§ **What is required**: Reproduce the listing in full. Omit the pictures.

- Opening Delimiter -

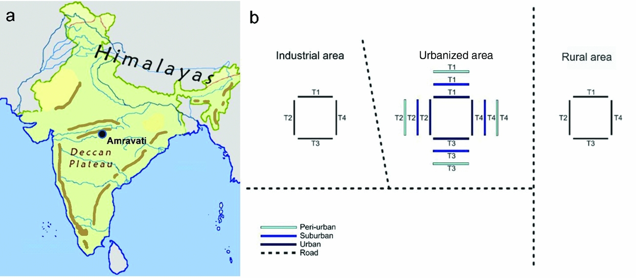The study was conducted in the area of Amravati city (Figure 1), in the state of Maharashtra, on the Deccan Plateau in Central India (20°56′–20°93′N, 77°45′–77°75′E, 343 m asl). This area is characterized by a tropical wet and dry climate with a mean annual temperature of 27°C, and a mean annual precipitation of 874 mm. The summer lasts from March to June, the monsoon season from July to October, and the winter from November to March. An urbanization gradient of five stages was selected on the basis of built-up surface and vegetation composition, as these two parameters are usually considered reliable indicators of human disturbance level (Pickett et al. 2011). The five-stage gradient included (1) rural forest, (2) industrial, (3) peri-urban, (4) suburban and (5) urban area (0%, 0–20%, <35%, 35–50%, >50% of built-up area, respectively, identified from Google Earth). Our selected stages were characterized by similar plant communities, although the dominant species were different. The rural forest was a forest reserve (20°53′N, 77°47′E) classified as Southern Tropical Dry Deciduous Forest by Champion & Seth (Reference CHAMPION and SETH1968), and dominated by Aegle marmelos Correa, Azadiractha indica A.Juss., Butea monosperma Taub., Calotropis procera Aiton, Cassia fistula L. and Gliricidia sepium Kunth. The land between the studied forest reserve and the urbanized area was occupied by rain-fed croplands of mixed cropping. The industrial stage (20°53′N, 77°45′E) was located at the south-eastern part of Amravati city, comprising an area of 200 ha, which was allocated by the government for industrial development. This area was under construction, and changed considerably for the duration of the study. The roads were tarmac, the average size of individual land parcels much bigger than in other areas. Nevertheless, the plant community was represented by the same dominant tree species during our study: Ailanthus excelsa Roxb., Eucalyptus obliqua L'Herit., Leucaena leucocephala de Wit, Psidium guajava L. and Ziziphus mauritiana Lam. The periurban stage (20°53′N, 77°45′E) was located at the periphery of Amravati city, with separate houses, plots of land and streets with little or no asphalt; and less than 35% of the surface was occupied by buildings. Virtually all individual households had gardens and kept domestic animals. The most common plant species were Ficus benghalensis L., Ficus racemosa L., Ficus religiosa L., Lantana camara L., Millettia pinnata Panigrahi and Tamarindus indica L. The suburban stage (20°56′N, 77°46′E) was a residential area dominated by the tree species Delonix regia Raf. and Michelia champaca L. and by the fruit trees Annona squamosa L., and Mangifera indica L. In this area, 35–50% of the total surface was covered with tarmac or occupied by buildings. Several individual households kept domestic animals and cultivated vegetable gardens. The urban stage (20°55′N, 77°45′E) was densely populated, including also the historical centre of the city, and more than 50% of the surface was covered with buildings. It was characterized by tree species of A. indica, Cocos nucifera L., F. religiosa, Polyalthia longifolia Sonn. and Terminalia catappa L. The centre of Amravati was ~6–7 km from the forest area, 4–5 km from the suburban stage, 2–3 km from the peri-urban stage and 4–8 km from the industrial area.
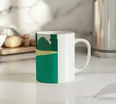 Una scena di spiaggia minimalista è rappresentata con forme geometriche decise e una tavolozza di colori limitata. Una barca a vela è parzialmente visibile dietro una duna di sabbia, mentre il mare tranquillo è affiancato da un fogliame scuro e semplificato.
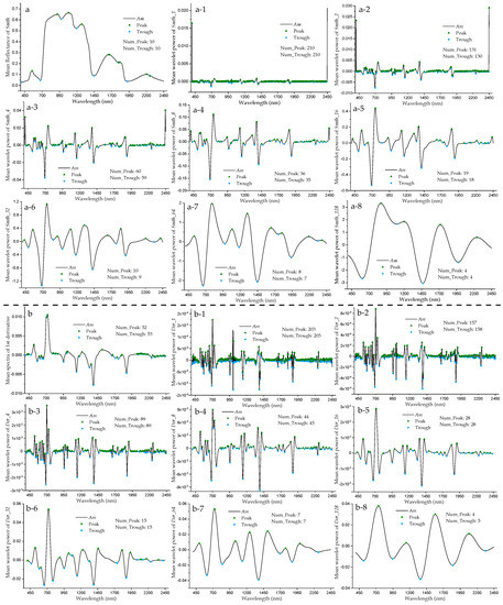 Plots of the mean reflectance (a), derivative (b), and wavelet power spectra of Smth (a-1, a-2, … a-8) and Der (b-1, b-2, … b-8) with eight scales (taking Am species for instance).
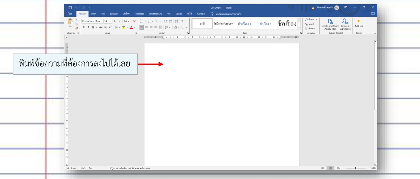 เมื่อเปิดโปรแกรม Microsoft Office Word ขึ้นมาแล้ว ต้องการพิมพ์งานในเอกสาร สามารถทำได้ โดยมีขั้นตอนดังนี้
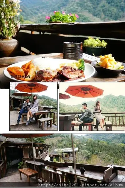 戶外有傘架的座位區,還有草地可以跑跑,一旁就是美麗的山景
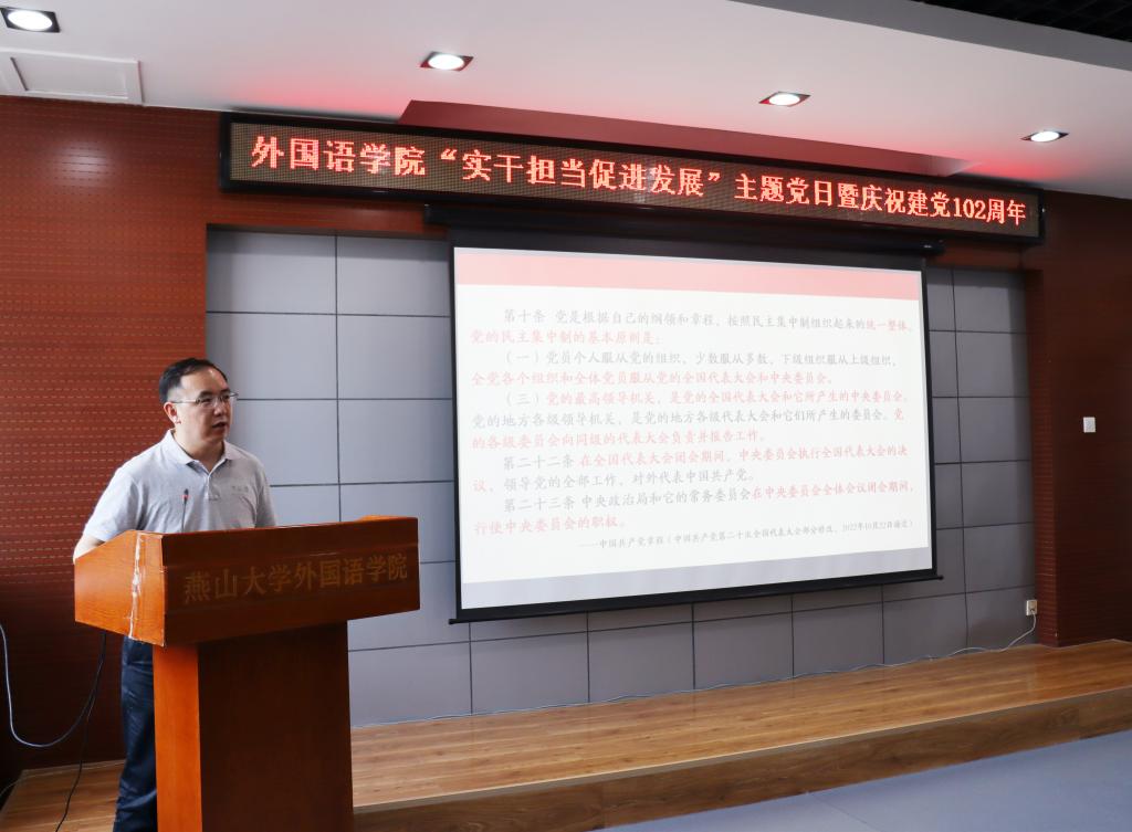 为庆祝建党102周年,回顾党的光辉历程,星空(中国)围绕“实干担当促进发展”主题于6月29日下午开展庆“七一”活动,学院领导班子成员、党支部书记、师生党员代表参加活动。

- Closing Delimiter -

§ **Output**:
The study was conducted in the area of Amravati city (Figure 1), in the state of Maharashtra, on the Deccan Plateau in Central India (20°56′–20°93′N, 77°45′–77°75′E, 343 m asl). This area is characterized by a tropical wet and dry climate with a mean annual temperature of 27°C, and a mean annual precipitation of 874 mm. The summer lasts from March to June, the monsoon season from July to October, and the winter from November to March. An urbanization gradient of five stages was selected on the basis of built-up surface and vegetation composition, as these two parameters are usually considered reliable indicators of human disturbance level (Pickett et al. 2011). The five-stage gradient included (1) rural forest, (2) industrial, (3) peri-urban, (4) suburban and (5) urban area (0%, 0–20%, <35%, 35–50%, >50% of built-up area, respectively, identified from Google Earth). Our selected stages were characterized by similar plant communities, although the dominant species were different. The rural forest was a forest reserve (20°53′N, 77°47′E) classified as Southern Tropical Dry Deciduous Forest by Champion & Seth (Reference CHAMPION and SETH1968), and dominated by Aegle marmelos Correa, Azadiractha indica A.Juss., Butea monosperma Taub., Calotropis procera Aiton, Cassia fistula L. and Gliricidia sepium Kunth. The land between the studied forest reserve and the urbanized area was occupied by rain-fed croplands of mixed cropping. The industrial stage (20°53′N, 77°45′E) was located at the south-eastern part of Amravati city, comprising an area of 200 ha, which was allocated by the government for industrial development. This area was under construction, and changed considerably for the duration of the study. The roads were tarmac, the average size of individual land parcels much bigger than in other areas. Nevertheless, the plant community was represented by the same dominant tree species during our study: Ailanthus excelsa Roxb., Eucalyptus obliqua L'Herit., Leucaena leucocephala de Wit, Psidium guajava L. and Ziziphus mauritiana Lam. The periurban stage (20°53′N, 77°45′E) was located at the periphery of Amravati city, with separate houses, plots of land and streets with little or no asphalt; and less than 35% of the surface was occupied by buildings. Virtually all individual households had gardens and kept domestic animals. The most common plant species were Ficus benghalensis L., Ficus racemosa L., Ficus religiosa L., Lantana camara L., Millettia pinnata Panigrahi and Tamarindus indica L. The suburban stage (20°56′N, 77°46′E) was a residential area dominated by the tree species Delonix regia Raf. and Michelia champaca L. and by the fruit trees Annona squamosa L., and Mangifera indica L. In this area, 35–50% of the total surface was covered with tarmac or occupied by buildings. Several individual households kept domestic animals and cultivated vegetable gardens. The urban stage (20°55′N, 77°45′E) was densely populated, including also the historical centre of the city, and more than 50% of the surface was covered with buildings. It was characterized by tree species of A. indica, Cocos nucifera L., F. religiosa, Polyalthia longifolia Sonn. and Terminalia catappa L. The centre of Amravati was ~6–7 km from the forest area, 4–5 km from the suburban stage, 2–3 km from the peri-urban stage and 4–8 km from the industrial area.
 Una scena di spiaggia minimalista è rappresentata con forme geometriche decise e una tavolozza di colori limitata. Una barca a vela è parzialmente visibile dietro una duna di sabbia, mentre il mare tranquillo è affiancato da un fogliame scuro e semplificato.
 Plots of the mean reflectance (a), derivative (b), and wavelet power spectra of Smth (a-1, a-2, … a-8) and Der (b-1, b-2, … b-8) with eight scales (taking Am species for instance).
 เมื่อเปิดโปรแกรม Microsoft Office Word ขึ้นมาแล้ว ต้องการพิมพ์งานในเอกสาร สามารถทำได้ โดยมีขั้นตอนดังนี้
 戶外有傘架的座位區,還有草地可以跑跑,一旁就是美麗的山景
 为庆祝建党102周年,回顾党的光辉历程,星空(中国)围绕“实干担当促进发展”主题于6月29日下午开展庆“七一”活动,学院领导班子成员、党支部书记、师生党员代表参加活动。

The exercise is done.